Basınla ilişkilerimi, sanat ve edebiyat çalışmalarımı, savunma hazırlıklarında doküman ihtiyacımı, gelişmelere dair bilgilenmemi sağlayan ve en önemlisi bütün bunları sevgiyle yapan, aynı desteği sevgili eşim Başak’a ve avukatlarıma da sunan bir yoldaşı bu kitapta iki satırla da olsa anmadan geçmek büyük eksiklik olacaktı.

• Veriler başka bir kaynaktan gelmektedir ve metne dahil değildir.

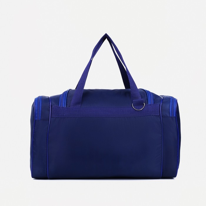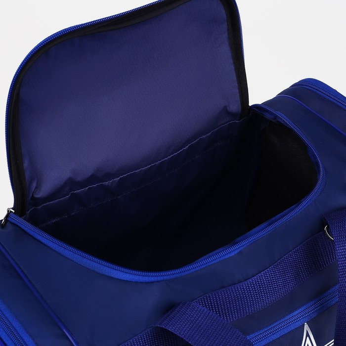 Сумка спортивная мужская на молнии, 3 наружных кармана, длинный ремень, средний размер, цвет синий
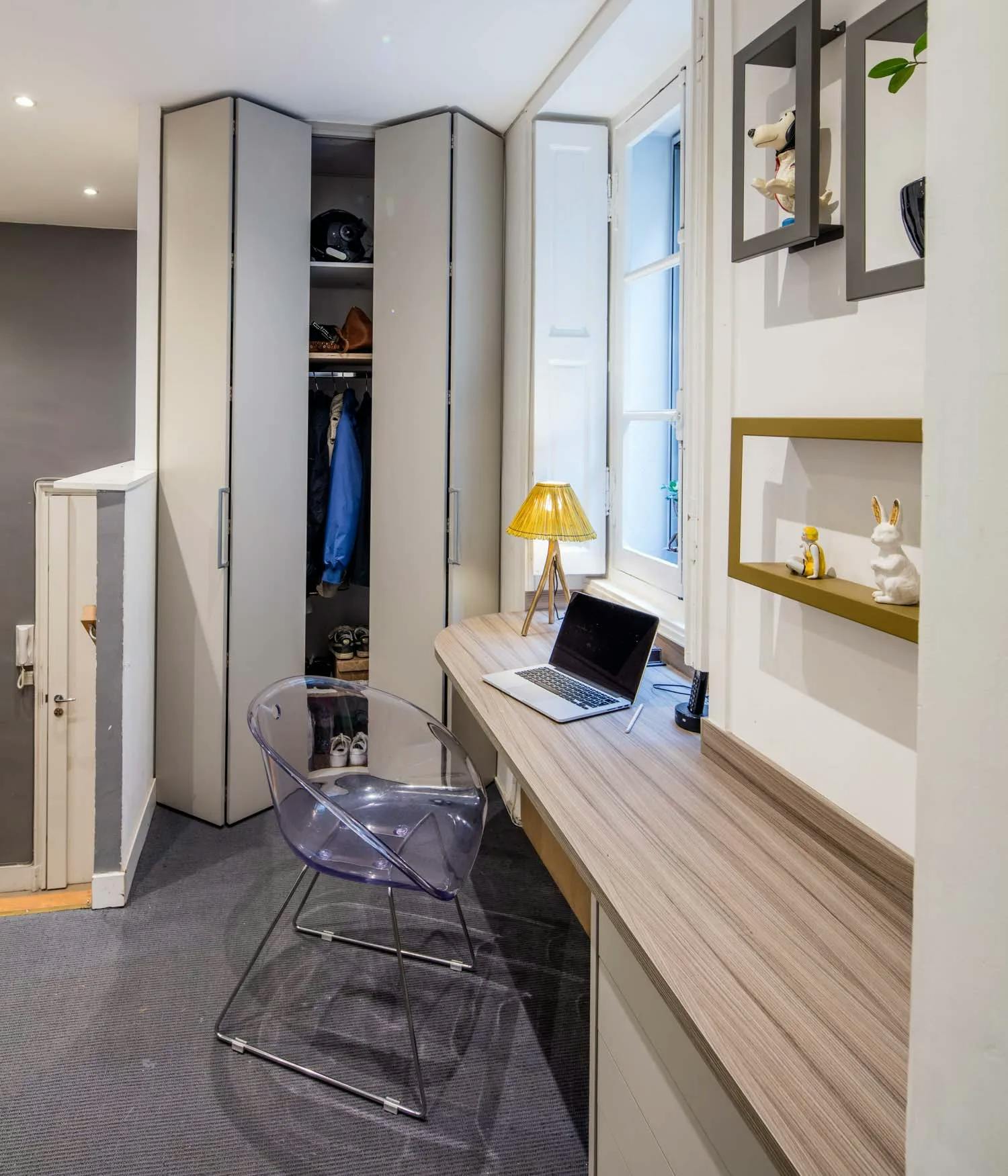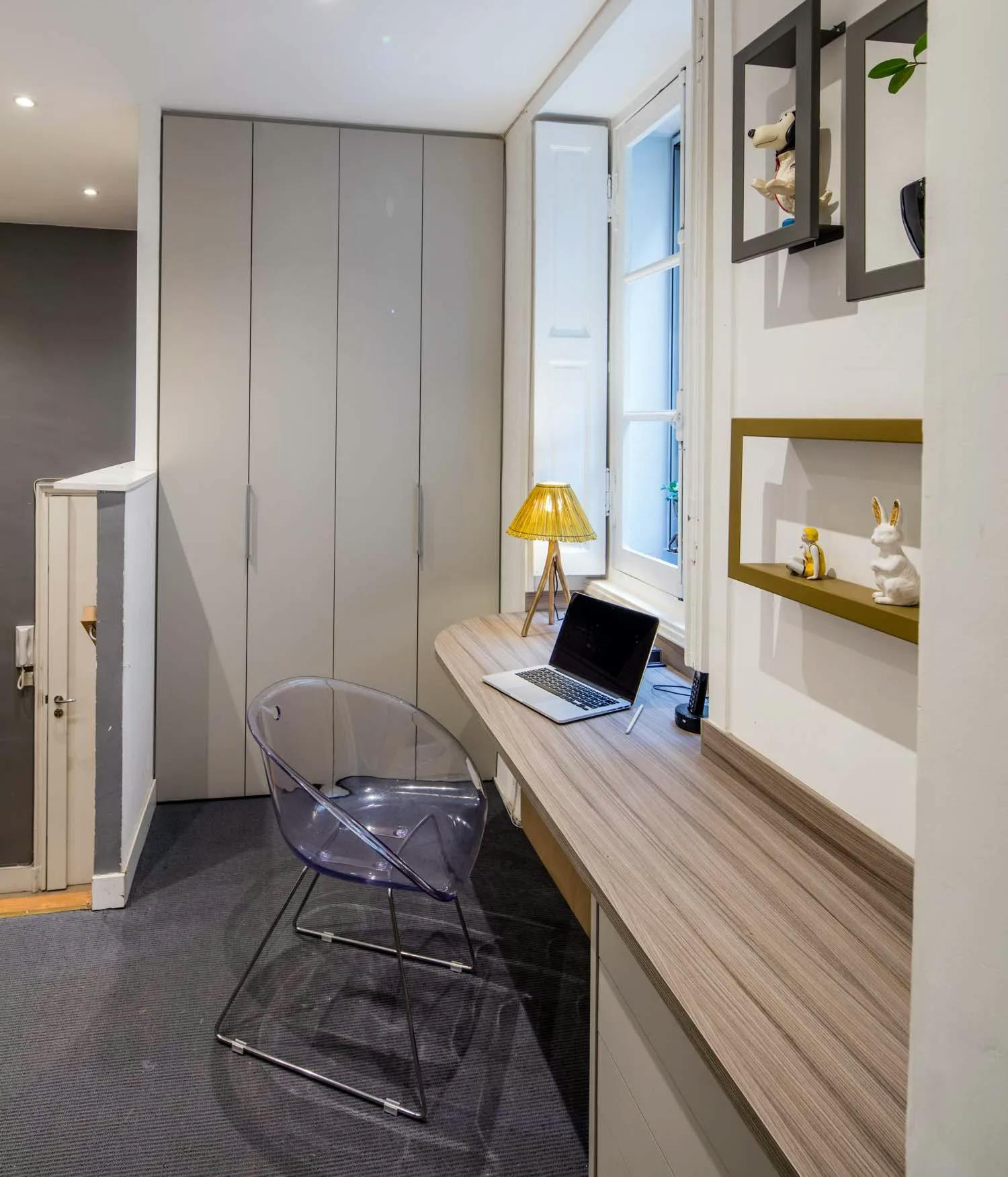 Le défi principal était d'exploiter un mur avec une fenêtre et une inclinaison du sol, ce qui imposait une solution sur mesure pour garantir une ergonomie optimale. L’installation d’un plan de travail filant épouse la longueur du mur et maximise la surface utile sans alourdir l’espace. Des rangements discrets, avec des portes sobres et une finition mate, assurent une intégration harmonieuse avec l’environnement existant. L’ajout d’étagères décoratives et d’un éclairage bien placé apporte du relief et un équilibre visuel à l’ensemble.

Ferhat Kabaiş ile birlikte Zınar Karavil’in emeği, sevgisi olmasaydı çok az şey başarabilirdik. Her iki kardeşim de birilerinin haksızlığına uğradı ancak bunları çok da dert etmeyip hep birlikte işimize baktık. Bizim derdimiz halkımızdır, gerisi önemli değil, dedik.

Evet Zınar. Eline, emeğine, yüreğine sağlık olsun güzel arkadaşım. Halkımız için yaptıklarına, yapacaklarına, binlerce yoldaşımın sevgi dolu fedakârca emeğine, bir garson olarak her daim layık olmaya gayret edeceğim. Çok anı biriktirdik bu zaman boyunca. Hepsini özgür günlerde yad edeceğimiz yarınları yaratmak için, direnmeye devam.

Bu kitapta adı geçen, geçmeyen tüm arkadaşlarıma, yoldaşlarıma ben de özel olarak içtenlikle teşekkür ediyorum. Daha yapacak çok şey var, hepimizin yolu açık olsun.

Ve asla unutmayın;

Sevgi neydi?

Yolun açık olsun Zınar, kardeşim.

Edirne Cezaevi

• 


[1] Bu ifade, Demirtaş’ın Efsun romanındaki karakterlerden Caner’in sıkça kullandığı bir kalıp. Demirtaş, o karaktere gönderme yapıyor.